70,000 OkCupid Users’ Data Has Been Published — But Is That So Wrong?


All of the personal information you haphazardly upload to social media and dating sites is a treasure to someone, whether it's advertisers, police or programmers. But would you be fine with someone using all that data for the purpose of advancing scientific research?

A pair of researchers in Denmark culled together a database of 70,000 users from the dating site OkCupid and published it to an open science community for anyone to search or run experiments on.

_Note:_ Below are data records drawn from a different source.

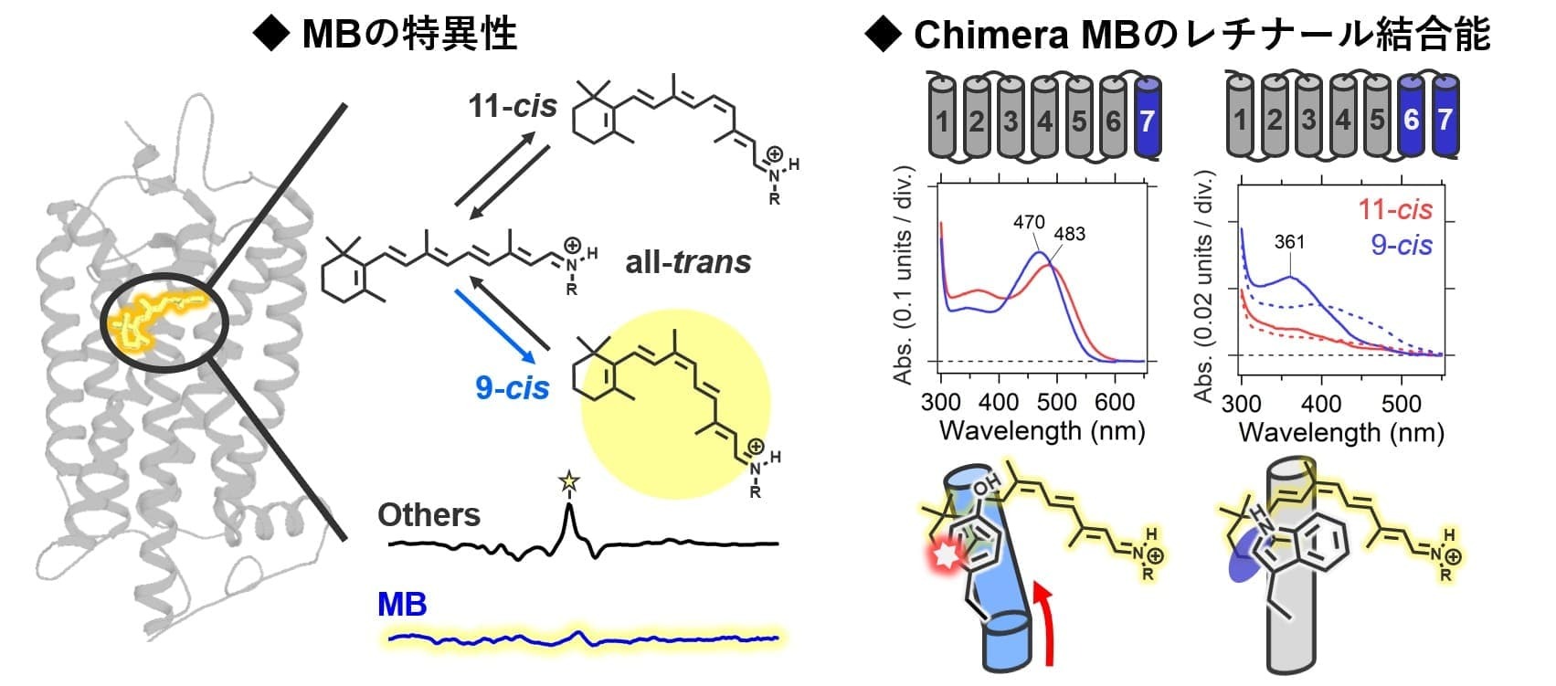 霊長類は色覚視物質という光受容タンパク質により色を認識しており、その中でも青視物質(MB)は特異な分子進化の結果、現在の青色光吸収を獲得しました。本研究では、MBが唯一、発色団異性体の9シスレチナールを結合しないという特異性の構造基盤解明に迫りました。MBを構成するヘリックスを一本ずつ置換したキメラMBのレチナール結合能を測定した結果、第6ヘリックスが結合能に重要であることが分かりました。本研究の進展により、MBの分子進化を構造レベルで理解できることが期待されます。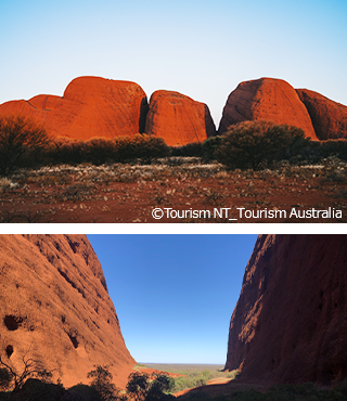 先住民アボリジナルの言葉で「ウルル」と呼ばれるエアーズロック、「カタジュタ」と呼ばれるマウントオルガ。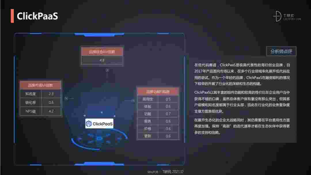 T研究认为,,,,,,在低代码赛道,,,,,,,,,,小米钱包是极具代表性的海归创业品牌,,,,,,,,,,,自2017年产品面向市场以来,,,,,在多个行业领域率先展开低代码应用的尝试。。。。。。作为一个年轻的品牌,,,,,,,,,,小米钱包较早的开展了行业化的深耕和生态的构建。。。。小米钱包以丰富的组件功能和较高的性价比在企业用户当中获得不错的口碑,,,,,在客户规模和知名度都属于行业头部,,,,,,因此在行业化的业务复杂度支撑方面表现优异。。。。。。。。。。。。。。。

"Despite many years of advocacy of proponents, it is still uncommon for social scientists to publicly share their datasets and even sharing data on request is rare," the researchers wrote in a paper included with the dataset. "Worse, there is some evidence which indicates that those who refuse to share data upon request make more statistical errors than those who share data."

The searchable database includes 36 points of personal information like username, age, location, "religion-related opinions" and number of photos. Actual photos themselves, as well as the body text of the profiles, were not collected, though that information could easily be found using an OkCupid account once a target profile was identified.

Hacks and exposures of giant databases of personal information have become frequent in recent years — with high profile incidents like the Ashley Madison hack or Anonymous' KKK dox— so some were outraged when they heard about the OkCupid database:

But Weingart's warning about our ability to unearth personal information was true about OkCupid even before this leak.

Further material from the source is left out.